Ebû Dâvud Tayâlisî, 133 senesinde dünyaya gelmiş bir zâttır. İran asıllı biri olması sebebiyle, Fârisî, Zübeyrî ve Basrî gibi nisbeler ile anılmıştır. Ona Zübeyrî denmesinin nedeni Zübeyr b. Avvâm ailesinin mensubu olmasıdır. Basra üzerinde oturuyor olmasından dolayı ise Basrî denmiştir. Ancak ona “taylasan” denilen bir şala nisbet edilip niye “Tayâlisî” denildiği ise tam olarak bilinmez. Annesinin adı Benî Nasr b. Muâviye’ye ait olan İranlı câriyedir.

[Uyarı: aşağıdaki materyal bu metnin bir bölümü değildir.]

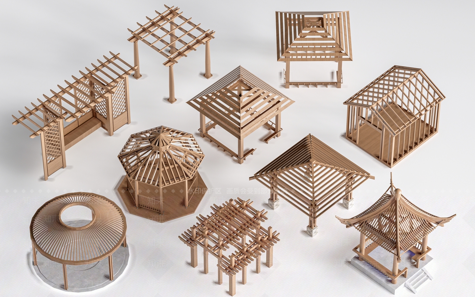 - 新中式亭子 现代景观廊架 景观亭 景观构架 凉亭骨架
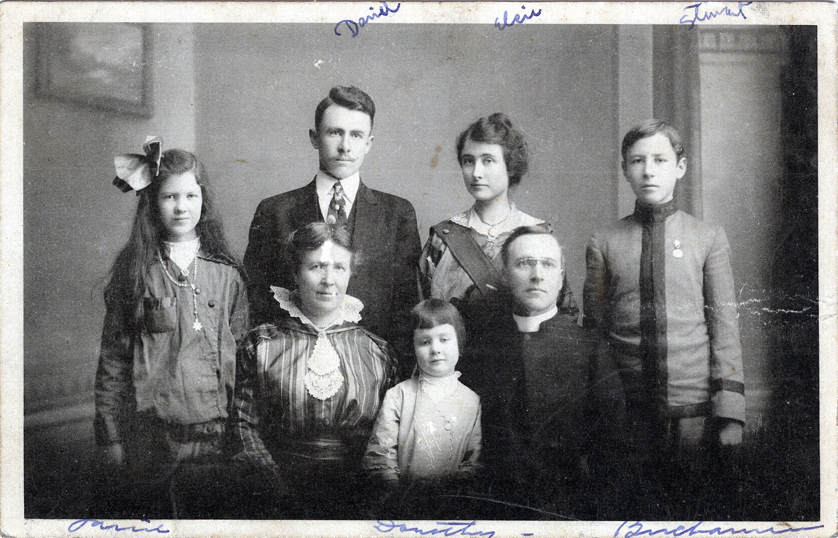 Buchanan family portrait, Christmas/New Year’s postcard, c. 1915. Seated in front (l-r): Janie, Minnie (wife), Dorothy, William; 2nd row (l-r): Daniel, Elizabeth (Elsie), Stuart. The family patriarch, William, served as a Presbyterian minister in Japan for over 40 years, in Takamatsu, Nagoya, Gifu, and Kobe. William and Minnie’s eldest child, Daniel, followed in his father’s footsteps, also becoming a Presbyterian missionary to Japan, teaching in Japanese high schools and universities and publishing a number of books translating Japanese haiku, proverbs and popular sayings into English that remain in print today.

Ebû Dâvud Tayâlisî, Hişâm ed-Destüvâî ile Abdullah bin Avn gibi bazı hocalardan bizzat hadis öğrenmiştir. 157 senesinde gitmiş olduğu Bağdat üzerinde Haccâc ile el-Mes’ûdî gibi isimlerden hadisler dinlemiştir. Ayrıca şu âlim isimlerden de bazı hadisleri rivayet etmiştir: el-Yeşkürî, es-Sevrî, es-Sebîî, el-Huzâî… Tayâlisî, Basra üzerinde kendinden tam yedi bin kadar hadis dinlemiş olduğu Haccâc isimli alimin önde gelen bazı talebelerindendir.
Tayâlisî ve Hadis
Tayâlisî ve hadis üzerine, onun görüşüne göre bir ilim dağı olarak nitelendirdiğini söyleyebiliriz. Ayrıca hafızasına fazlasıyla güvenirdi. Bu yüzden de genel olarak ezberinden bazı rivayetlerde bulunmuştur. Tayâlisî, hafızasından tam otuz ya da kırk bin kadar hadis nakletmiştir; bu, bazı kaynaklar içerisinde zikredilen bir bilgidir. O, rivayetlerinde herhangi bir yazılı metne dayanmadığı için tam bin tane hadis içerisinde hataya düşmüş olduğu ileri sürülmüştür. Normalde bu sayıdan daha az olan hatalarda bile bir hadisçi, zayıf olarak görülebilse de Tayâlisî üzerine kimsenin böyle bir zayıf hükmü söz konusu değildir. Bu nedenle bu rakamın aslında biraz abartıldığı ve hatalarının da biraz önemsiz görüldüğü düşünülmektedir.
Tayâlisî ve hadis üzerine Ahmed bin Hanbel’in fikrine değinecek olursak; yazılı metin üzerinden rivayette bulunmuş olan birtakım râvi isimlere göre Tayâlisî, hadisleri çok daha iyi şekilde muhafaza etmiş olan bir muhaddistir. Tayâlisî ile arkadaşı olan Mehdî, sırf hafızalarını kuvvetlendirmek için baladur ağacının bir meyvesi ile yapılmış şerbetten çok fazla içmişler ve rahatsızlanmışlardır. Ayrıca Tayâlisî’nin bulunduğu rivayetler içerisindeki yanlışları düzeltmek için kendine ve başka kimselere ait bazı yazılı metinleri kullanmış olduğu bilinmektedir. Öte yandan onun rivayetleri, İslâm dünyasında ünlenmiş Buhârî gibi isimlerin ve daha pek çok önemli eserin içerisinde yer almıştır.
Ebû Dâvud Tayâlisî Eserleri
Ebû Dâvud Tayâlisî eserleri ve ondan bahsedilen ya da onun rivayet ettiği hadislerin bulunduğu eserler, çok sayıda karşımıza çıkar. Ancak burada en önemli eserlerinden bir tanesi olan el-Müsned isimli eserinden bahsetmek istiyoruz. Bu eser, aslında türünün de ilk örneği kabul edilir. Bu eser içerisinde toplam 2890 tane hadis bulunur. Onun rivayet etmiş olduğu söylenen on binlerce sayıda hadise oranla bu kitabın bu denli küçük hacimli olması ise müellifleri tarafından bazı yorumlara neden olmuştur. Bu noktada ortaya atılan düşünce bu kitabın hacminin daha da geniş şekilde tutulduğu ama bazı maktu ile mevkuf hadislerin sonradan kitaptan çıkarıldığı şeklindedir. Ancak bu varsayımdır ve somut bir delile dayanmamaktadır. Ayrıca müsned türü için söz konusu olan mantığa da belli oranda aykırıdır. Çünkü müsned, sahâbe adlarına göre düzenlenir ve içerisinde maktu ile mevkuf rivayetlerin merfûlara oranla daha çok olması da beklenemez.